Hand punched, hand stitched and hand riveted - glad those days are gone!  But they were super comfortable and adjustable. Maybe we should make them again...

rum, sodomy, & the lash

Early Experimentation

The Able Seaman was a replica of a genuine naval cat o' nine design recorded in  Clifford Ashley's fabulous 'Book of Knots'.  

Who could resist recreating this lovely, nasty flogger? Well we could, after making a number of them.

The braiding is complex - this is a single strand of 1" manila rope twisted in many bizarre configurations. And you really need a bunch of free time, say on a square rigged four master, to put one together.  And yes, they're lovely, but they're  impossible to clean; after a lashing at sea, the blood soaked cat would be thrown overboard. 'Nuff said!

A Typical Sales Trip

Finding Hidden Drives

Our sales trips usually involved two people, one motorcycle with a disastrous flaw, a tent, two saddlebags full of clothes and several black bin liners stuffed with whips.  This is at a long, long gone fetish store, outside Ann Arbor, MI, called Hidden Drives.  It was on a  dirt track leading off the highway, and lavishly fitted out on the inside, but the outside just looked like an old barn, which, in fact it was.  The only clue to its presence was a yellow diamond shaped sign by the side of the road that read "Hidden Drives", and which looked so much like the regular "Hidden Drive" highway sign that we drove past it five times before we saw the extra 's'.

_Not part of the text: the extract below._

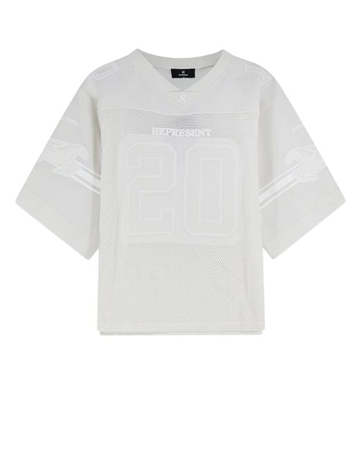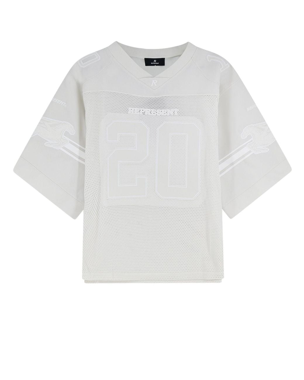 Short-sleeve football jersey-style top in off-whitechalk, constructed with a combination of solid fabric panels and perforated mesh panels. Features a V-neckline with a small embroidered R logo at the center, large embroidered number 20 on the front chest and 11 on the back, a tone-on-tone REPRESENT text patch on the upper back, and embroidered horse mascot graphics with stripe detailing on the sleeves. The back panel is partially solid fabric at the upper section and mesh at the lower section. All branding and graphics are executed in a tonal off-white colorway. Color: white
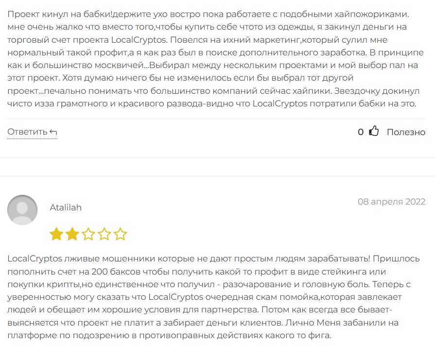 В отрицательных отзывах люди уверяют, что основатели компании Local Cryptos обманули их на деньги. Клиенты утверждают, что положили деньги на счет в этой организации и не смогли вывести заработанную прибыль. Одного из инвесторов забанили на проекте, судя по его словам.

This bike was a 1975 Honda CB500/4. The flaw was a worn out clutch cable that  snapped on us two days later on the way into Chicago.

An Inside Look

In The Workshop

I've actually forgotten how many workshop spaces we have had over the years.  We always seemed to be on the move; often in the dead of night, occasionally in idiotically heavy snowstorms, sometimes using a bespoke combination of motorcycles and shopping trolleys. Everywhere we've been, our goal has been to create tasty toys for BDSM enthusiasts around the world. Here our master whipmaker is throwing together a pineapple knot to decorate a Jellicle Cat.

Marketing? Us?

Early Valentine's Ad

One of the things that distinguishes Leatherbeaten from, say, Harley-Davidson, is our respective approaches to marketing.  

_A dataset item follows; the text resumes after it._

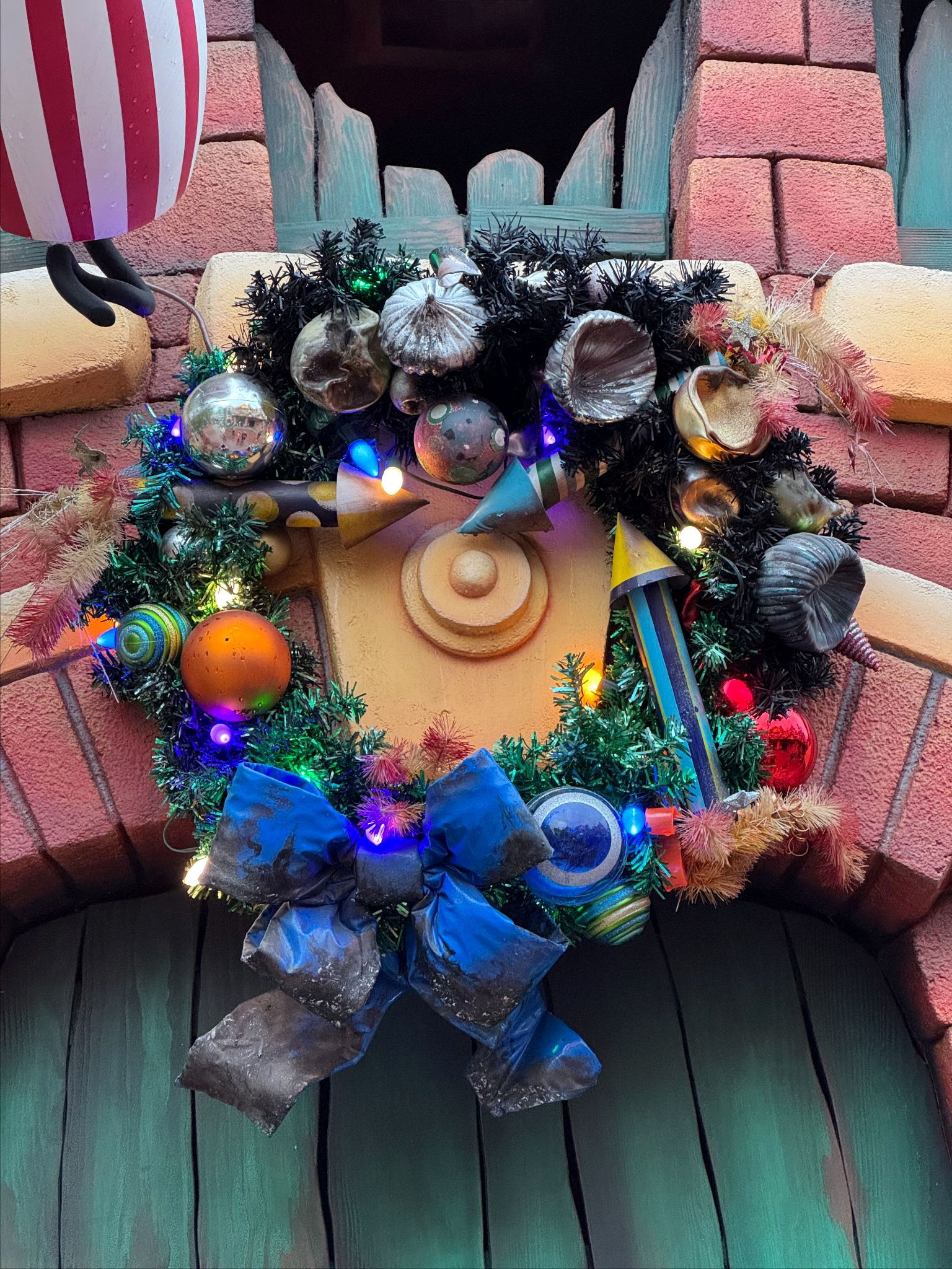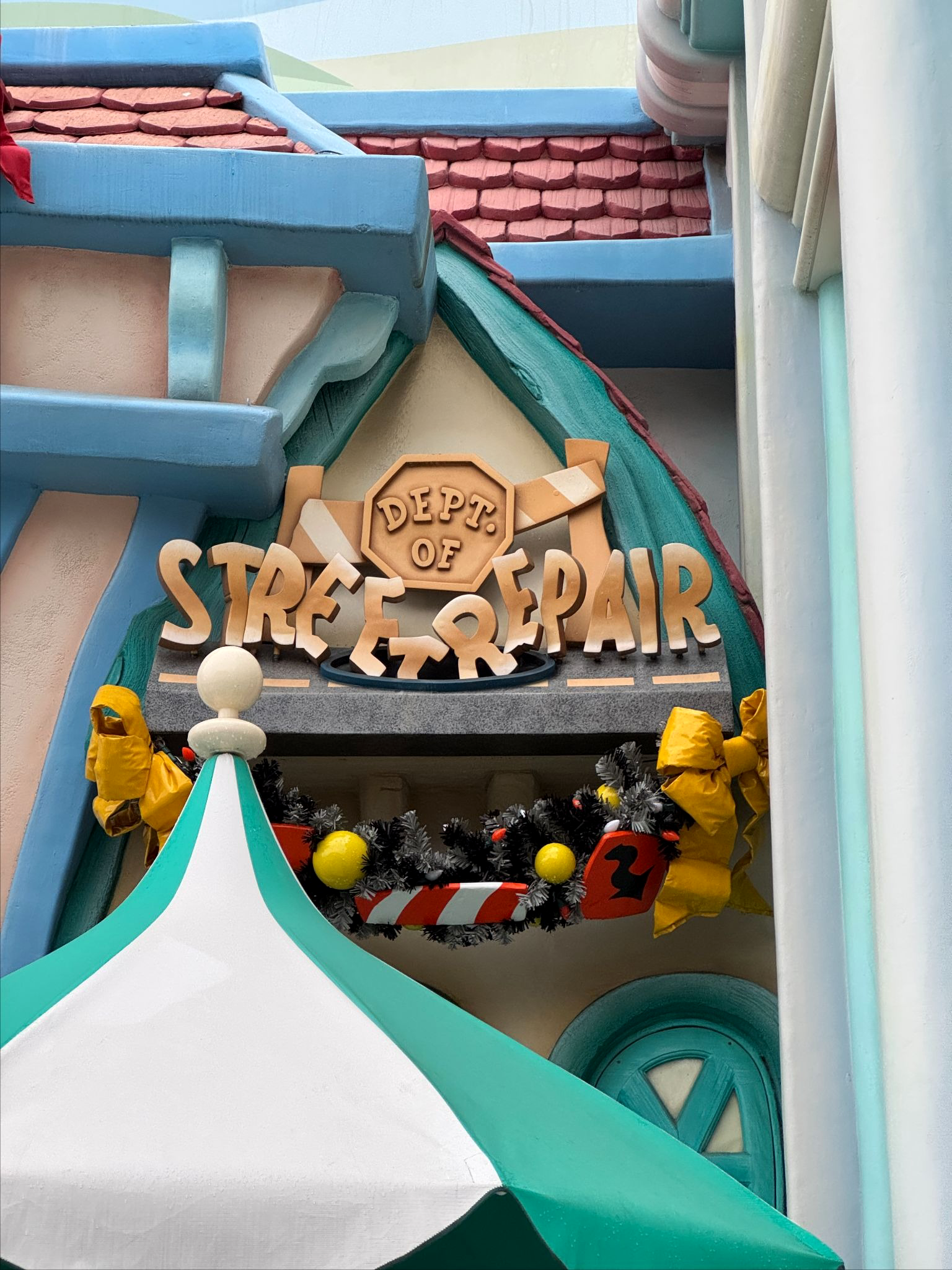 - The entire area is adorned with themed garland, topping many of the buildings in the area.
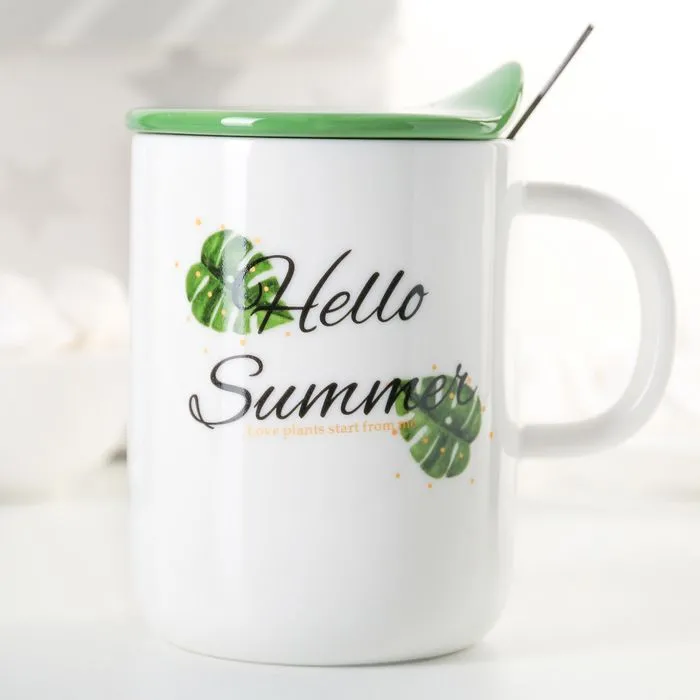 Кружка с керамической крышкой и ложкой "Монстера" 300 мл, 11х8х12 см, рисунок МИКС 3929425

HD, I suspect, have a healthy respect for marketing, and an even healthier advertising budget, enabling them to employ multinational ad agencies to prey on the psychological weaknesses of middle aged, middle class men.  Here at Leatherbeaten, we don't have an advertising budget, and our marketing strategy has usually involved cut'n'paste posters stapled to telephone poles.  

Very occasionally, we ran ads like this one, in Peterborough's student and community newspaper.  

New digs (Again)

On the move (again)

That workshop moved so many times that every so often we'd turn up to work and it would have moved without us. This was one of the rare occasions when we bothered with an open house. As our regulars know, nice looking, shiny retail premises have never been our top priority, but I seem to recall making an effort for this one. No pics, though, for an aide memoire.

Our Elusive Founder

last seen wearing

This is the only known photograph of our elusive founder, Hyacinth Prendergast. It was found stuffed into a teapot in our workplace kitchen, and despite having clearly suffered some superficial damage, it represents the best likeness you are ever likely to see of the redoubtable Ms Prendergast.  

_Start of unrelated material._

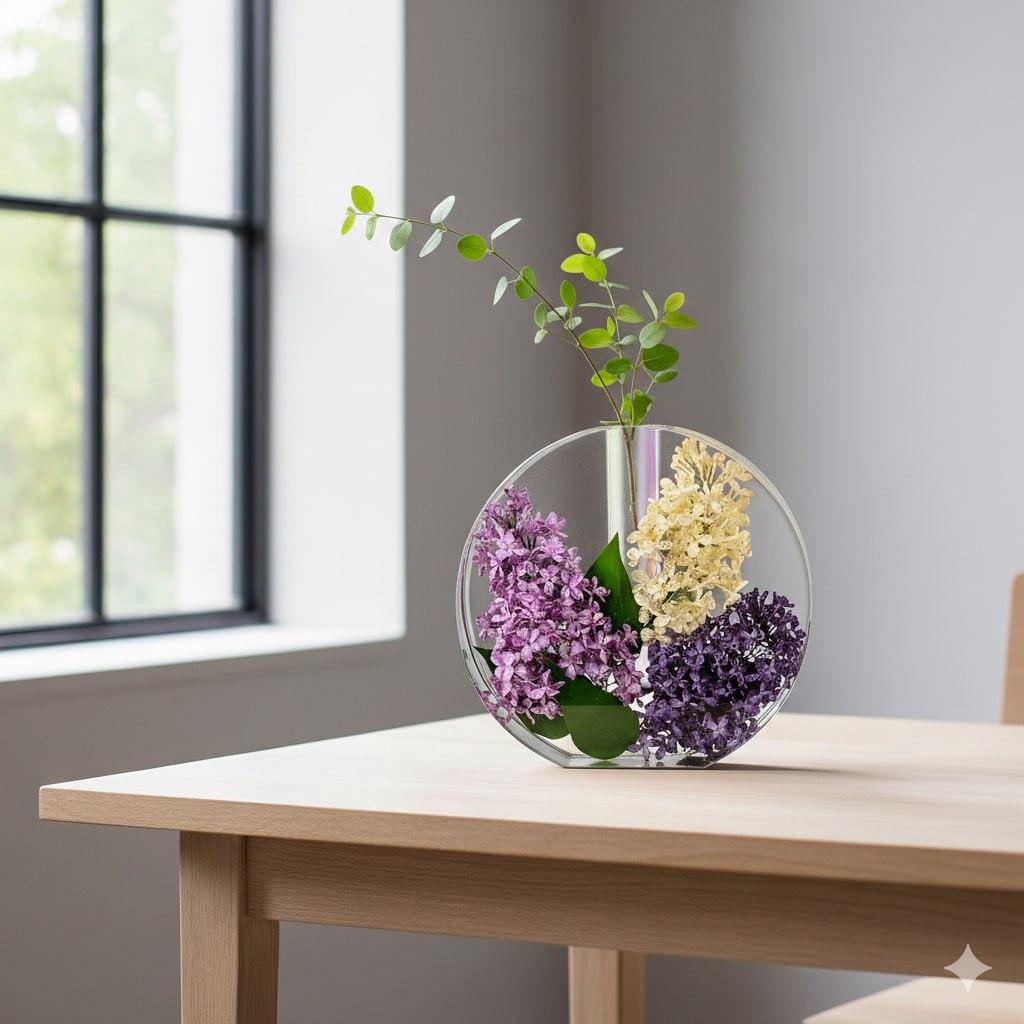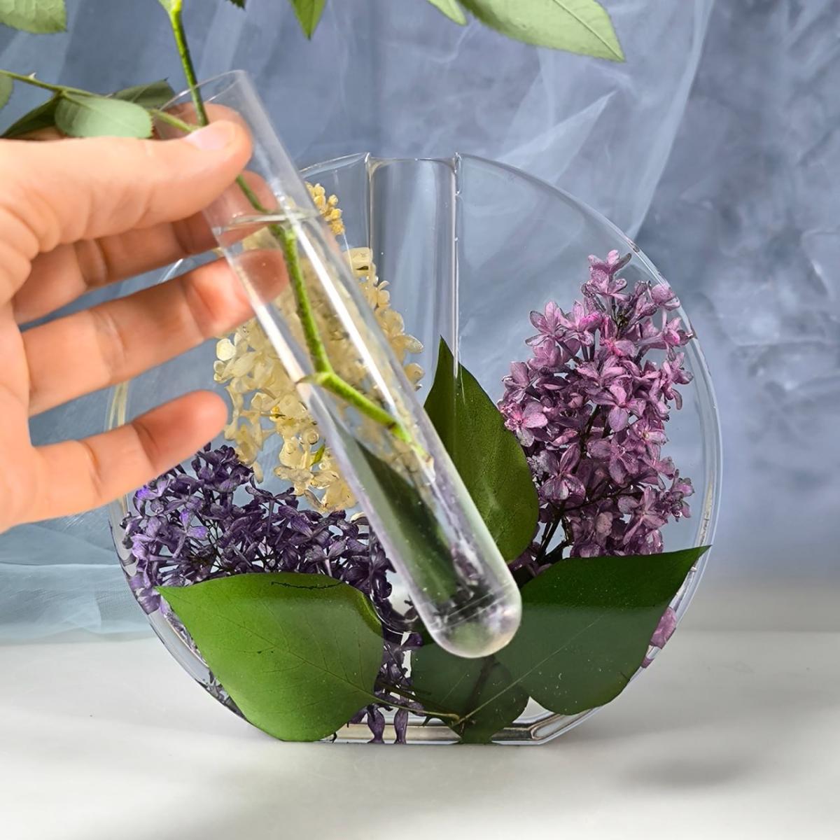 Ваза с колбой для одного цветка с настоящей сиренью внутри
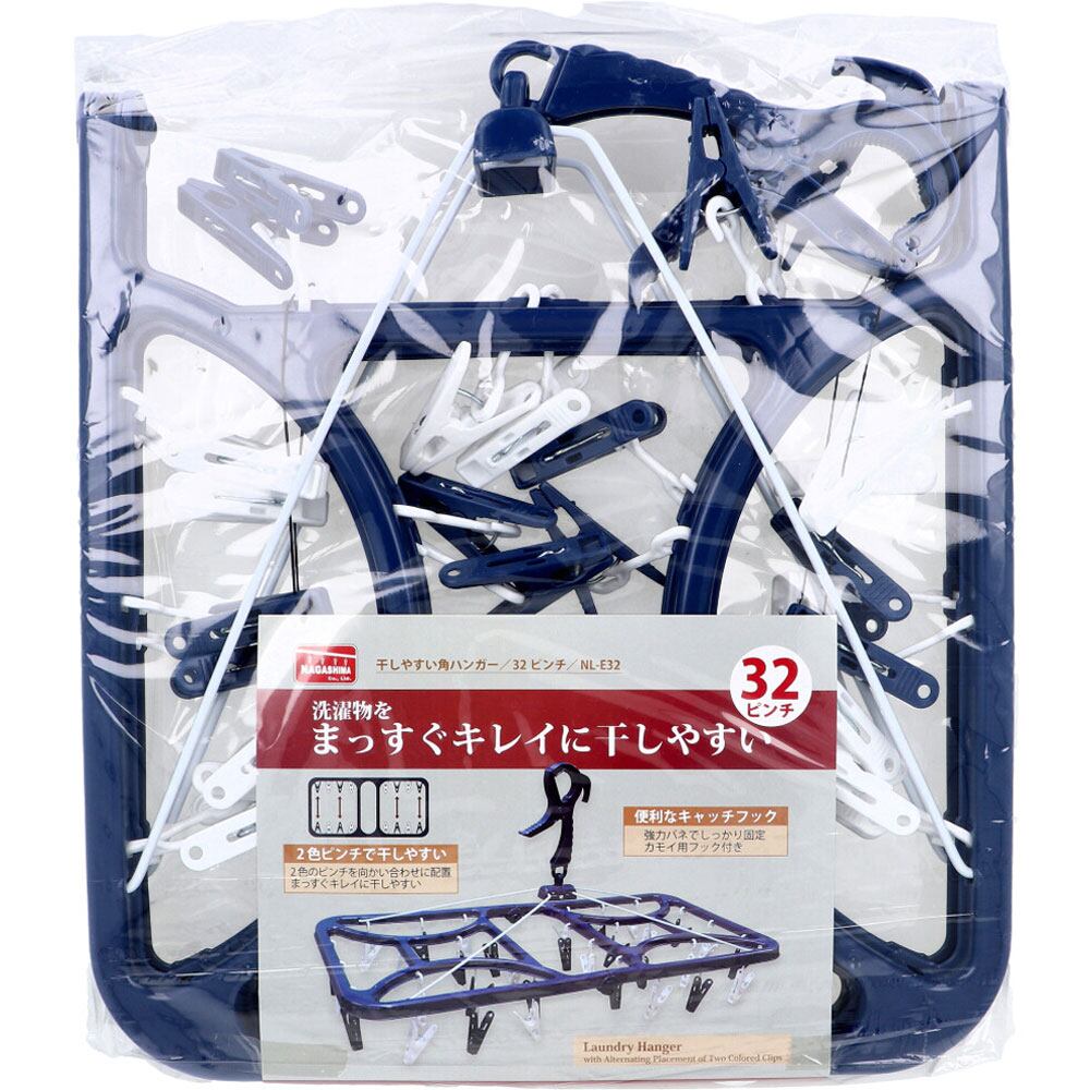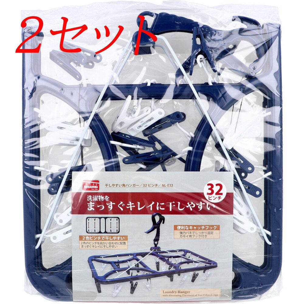 【2セット】 干しやすい角ハンガー 32ピンチ NL-E32 【pto】

In August of 2007 she abandoned her sailboat in the Makassar Strait and struck out into the dense rainforest of Kalimantan.  There, in the convivial company of tapirs and orang utans, she continues to direct our global enterprise; eschewing the company of humans, and rebuffing all attempts to persuade her to return to what she calls "civilization-in-inverted-commas".

Still creating

Move to the Big City

After years of resistance, we finally moved to Toronto. As can be seen, we may be city slickers, but we're still creating gear the old fashioned way. This is a Dragonfire taking shape under our mastercrafter's hands - one piece, from lash to handle. If you make it out to the workshop, you'll still find a dearth of pretty retail space - but will find us happy to discuss the fine details of gear to satisfy your innermost desires.